Read the full explanation on Tutopiya’s Simplifying Algebraic Expressions subtopic page before you attempt questions.

The core techniques you must master

Technique	Rule	Example
Collect like terms	Add/subtract coefficients of same variable	4x + 3 − 2x + 5 = 2x + 8
Expand single bracket	Multiply each term inside	3(2x − 4) = 6x − 12
Expand double brackets	Multiply each term in first by each in second	(x + 1)(x + 2) = x² + 3x + 2
Subtract expressions	Distribute the minus to every term	5x − (2x − 3) = 5x − 2x + 3 = 3x + 3

How to simplify — step by step

1. Expand all brackets first — single then double.
2. Collect like terms — group x terms, y terms and constants separately.
3. Apply index laws if powers appear — x² × x³ = x⁵.
4. Write terms in standard order — highest power first, e.g. 2x² + 3x − 1.
5. Check signs especially when subtracting a bracket.

Test yourself with the free Simplifying Algebraic Expressions quiz.

Expanding double brackets: patterns to recognise

Pattern	Result	Example
(x + a)(x + b)	x² + (a+b)x + ab	(x + 3)(x + 2) = x² + 5x + 6
(x + a)(x − a)	x² − a² (difference of squares)	(x + 5)(x − 5) = x² − 25
(x + a)²	x² + 2ax + a²	(x + 4)² = x² + 8x + 16

Simplifying in past-paper wording: command words that matter

Command word / phrase	What the question wants	Typical stem
Simplify	Shortest equivalent expression	”Simplify 3(2x − 1) + 2(x + 4).”
Expand and simplify	Expand brackets then collect terms	”Expand and simplify (x + 3)(x − 2).”
Write in its simplest form	Fully simplified	”Write (2x²)³ in its simplest form.”
Show that	Prove equivalence with working	”Show that (x + 2)² − (x − 2)² = 8x.”
Work out	Calculate simplified result	”Work out the simplified expression.”

Worked exam-style stems (how to answer the wording)

1. “Simplify 4(2x − 3) − 2(x + 5).” Expand: 8x − 12 − 2x − 10. Collect: 6x − 22. Reward: minus distributed to both terms in second bracket.
2. “Expand and simplify (2x + 1)(x − 4).” 2x² − 8x + x − 4 = 2x² − 7x − 4. Reward: four products from FOIL; like terms collected.
3. “Show that (x + 3)(x − 3) = x² − 9.” Expand left side: x² − 3x + 3x − 9 = x² − 9. Reward: full expansion before conclusion.

Work similar stems on the Algebra topical past paper questions and the Simplifying Algebraic Expressions quiz.

How Simplifying connects to the rest of Algebra

Expanded forms reverse into Factorisation. Simplified expressions are solved in Linear Equations and Inequalities. Substitution is easier when expressions are simplified first. Use the Cambridge IGCSE Maths resource hub for the full unit.

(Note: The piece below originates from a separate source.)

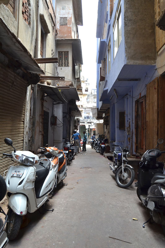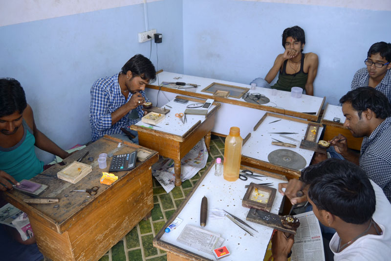 The ancient architecture is beautifully conserved and gracefully blends with contemporary shops and cafeterias. The broad roads give way to narrow bylanes where karigars can be spotted working with crafts like bandhani, gotapatti, miniature paintings, blue pottery, silver and kundan jewelry making. ‘Gopalji ka raasta’ is one such lane in Johari Bazaar where most of the Kundan karigars live and work.

Common mistakes students make

• Treating 3x and 3y as like terms — they are not.
• Forgetting to multiply every term inside the bracket.
• Sign error when subtracting a bracket: 5 − (x − 2) written as 5 − x − 2 instead of 5 − x + 2.
• Stopping before fully collecting all like terms.

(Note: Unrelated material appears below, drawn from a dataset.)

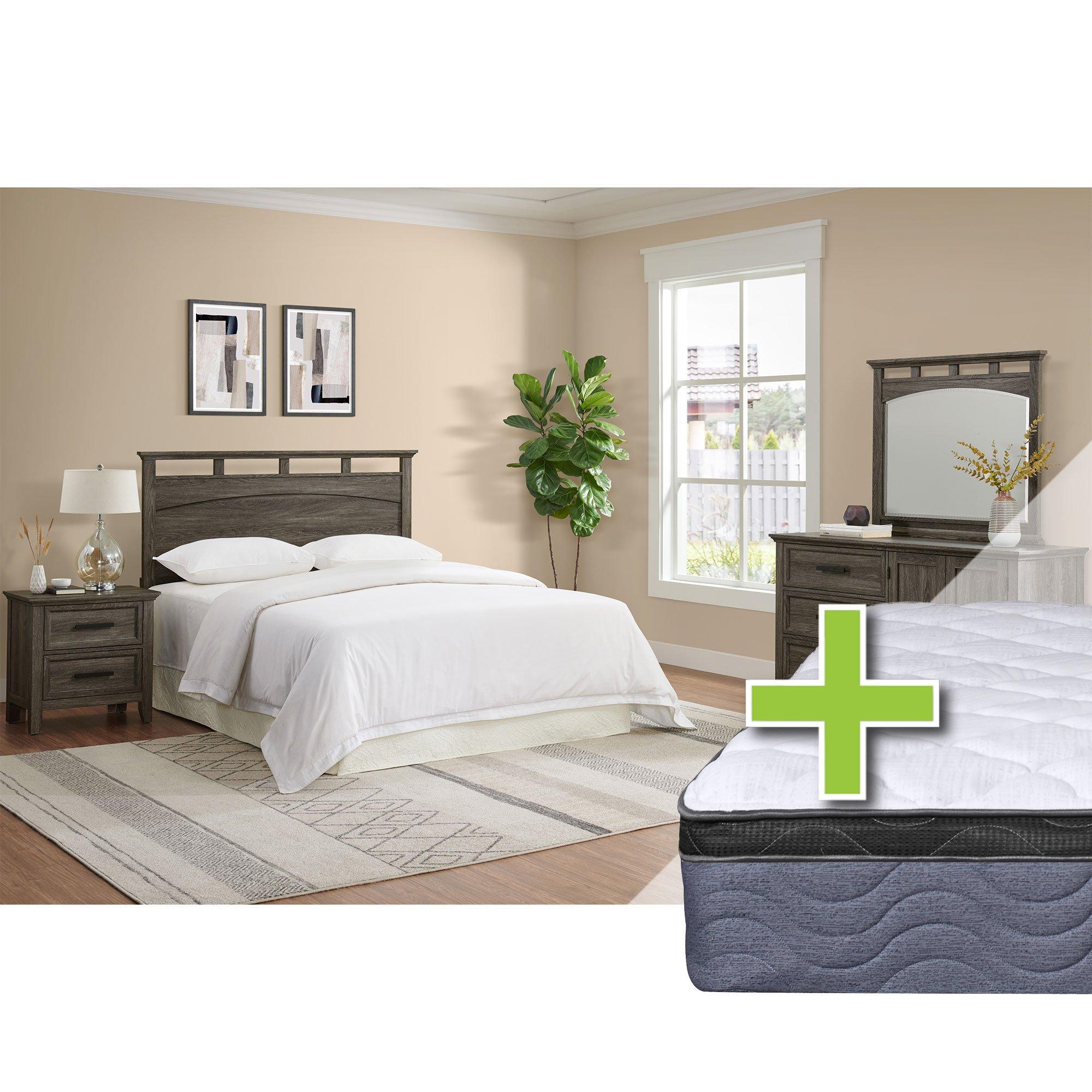 Link: Queen Matias Bed w/9.5" Tight Top Extra Firm Mattress & Dresser, Mirror, Nightstand

When you need more support

If expanding double brackets keeps failing, work through the Factorisation quiz (reverse practice helps) and the Algebra topical past paper questions, then get help from a Cambridge IGCSE Maths tutor.

Frequently asked questions

What are like terms? Terms with exactly the same variable combination — same letters, same powers. 4xy and −2xy are like terms; 4x and 4x² are not.

Do I need to know the difference of squares? Yes — (a + b)(a − b) = a² − b² appears frequently and speeds up expansion.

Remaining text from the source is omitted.